Question 9
Domain 2 — AI Operations, Lifecycle, and Control EnvironmentAn auditor evaluates a large language model deployment and discovers the system uses Retrieval-Augmented Generation with a vector database containing proprietary company documents. Security testing reveals that carefully crafted prompts can extract verbatim passages from the vector database that should not be disclosed to certain user groups. Which OWASP Top 10 for LLM risk category does this vulnerability represent? (Select one!)
Correct answer: C
Explanation
This fits OWASP LLM06, “Sensitive Information Disclosure through unauthorized data retrieval,” because the model can be induced to return “verbatim passages” from a vector database containing proprietary documents. The risk is disclosure of information to users who “should not be disclosed” those passages, which is exactly unauthorized retrieval of sensitive data.

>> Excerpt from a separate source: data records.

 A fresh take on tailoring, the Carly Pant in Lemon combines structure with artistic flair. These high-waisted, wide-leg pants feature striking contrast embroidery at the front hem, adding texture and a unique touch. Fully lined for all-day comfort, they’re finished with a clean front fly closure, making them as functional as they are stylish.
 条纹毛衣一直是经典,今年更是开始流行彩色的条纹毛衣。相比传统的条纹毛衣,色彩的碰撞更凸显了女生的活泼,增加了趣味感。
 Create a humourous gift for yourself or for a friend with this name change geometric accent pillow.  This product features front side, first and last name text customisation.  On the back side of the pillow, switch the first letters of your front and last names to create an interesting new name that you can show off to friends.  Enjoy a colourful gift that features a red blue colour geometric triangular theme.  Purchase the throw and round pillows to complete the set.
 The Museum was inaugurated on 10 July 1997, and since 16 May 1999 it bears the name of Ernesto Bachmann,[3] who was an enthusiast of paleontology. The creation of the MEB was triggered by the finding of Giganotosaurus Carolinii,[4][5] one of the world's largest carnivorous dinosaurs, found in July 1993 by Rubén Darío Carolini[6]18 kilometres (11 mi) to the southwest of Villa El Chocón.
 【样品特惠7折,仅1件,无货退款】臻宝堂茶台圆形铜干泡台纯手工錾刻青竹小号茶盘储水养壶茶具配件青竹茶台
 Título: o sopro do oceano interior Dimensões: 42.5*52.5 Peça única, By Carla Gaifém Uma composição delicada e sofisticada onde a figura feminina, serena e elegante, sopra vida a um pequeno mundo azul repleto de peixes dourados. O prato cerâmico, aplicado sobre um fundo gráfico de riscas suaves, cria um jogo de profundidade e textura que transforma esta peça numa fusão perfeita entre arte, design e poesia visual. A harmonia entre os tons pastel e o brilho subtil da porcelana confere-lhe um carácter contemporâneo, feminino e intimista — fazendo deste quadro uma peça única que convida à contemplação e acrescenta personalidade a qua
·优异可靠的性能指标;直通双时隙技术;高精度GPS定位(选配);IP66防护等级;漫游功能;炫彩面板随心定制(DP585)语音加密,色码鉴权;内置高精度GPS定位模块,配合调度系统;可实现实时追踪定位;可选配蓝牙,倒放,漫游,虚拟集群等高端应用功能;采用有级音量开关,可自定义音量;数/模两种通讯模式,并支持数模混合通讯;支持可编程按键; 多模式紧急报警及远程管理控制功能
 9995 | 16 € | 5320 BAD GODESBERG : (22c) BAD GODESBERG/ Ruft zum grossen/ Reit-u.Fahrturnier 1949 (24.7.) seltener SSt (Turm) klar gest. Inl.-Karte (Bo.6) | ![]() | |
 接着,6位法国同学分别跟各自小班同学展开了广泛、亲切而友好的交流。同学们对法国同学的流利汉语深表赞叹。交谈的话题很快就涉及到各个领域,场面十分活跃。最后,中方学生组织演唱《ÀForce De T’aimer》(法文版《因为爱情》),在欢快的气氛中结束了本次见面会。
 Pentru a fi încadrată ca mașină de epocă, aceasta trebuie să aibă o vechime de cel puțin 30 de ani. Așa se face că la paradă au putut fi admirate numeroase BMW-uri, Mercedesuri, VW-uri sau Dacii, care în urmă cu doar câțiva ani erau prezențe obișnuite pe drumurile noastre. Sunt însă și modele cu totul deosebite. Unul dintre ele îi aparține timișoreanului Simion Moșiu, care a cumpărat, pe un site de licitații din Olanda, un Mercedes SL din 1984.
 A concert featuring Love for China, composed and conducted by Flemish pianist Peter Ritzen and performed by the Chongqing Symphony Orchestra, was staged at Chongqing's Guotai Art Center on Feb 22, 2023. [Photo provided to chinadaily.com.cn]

Why each option is right or wrong
A. LLM10 Model Theft through extraction of proprietary training data
B. LLM01 Prompt Injection through indirect injection via RAG document manipulation
C. LLM06 Sensitive Information Disclosure through unauthorized data retrieval
OWASP Top 10 for LLMs classifies this under LLM06 when an attacker can induce the system to return protected content from connected knowledge stores, including RAG/vector databases, rather than merely generating a hallucination. The key facts are the “verbatim passages” coming from proprietary documents and the disclosure to user groups that are not authorized to see them, which is unauthorized data retrieval of sensitive information.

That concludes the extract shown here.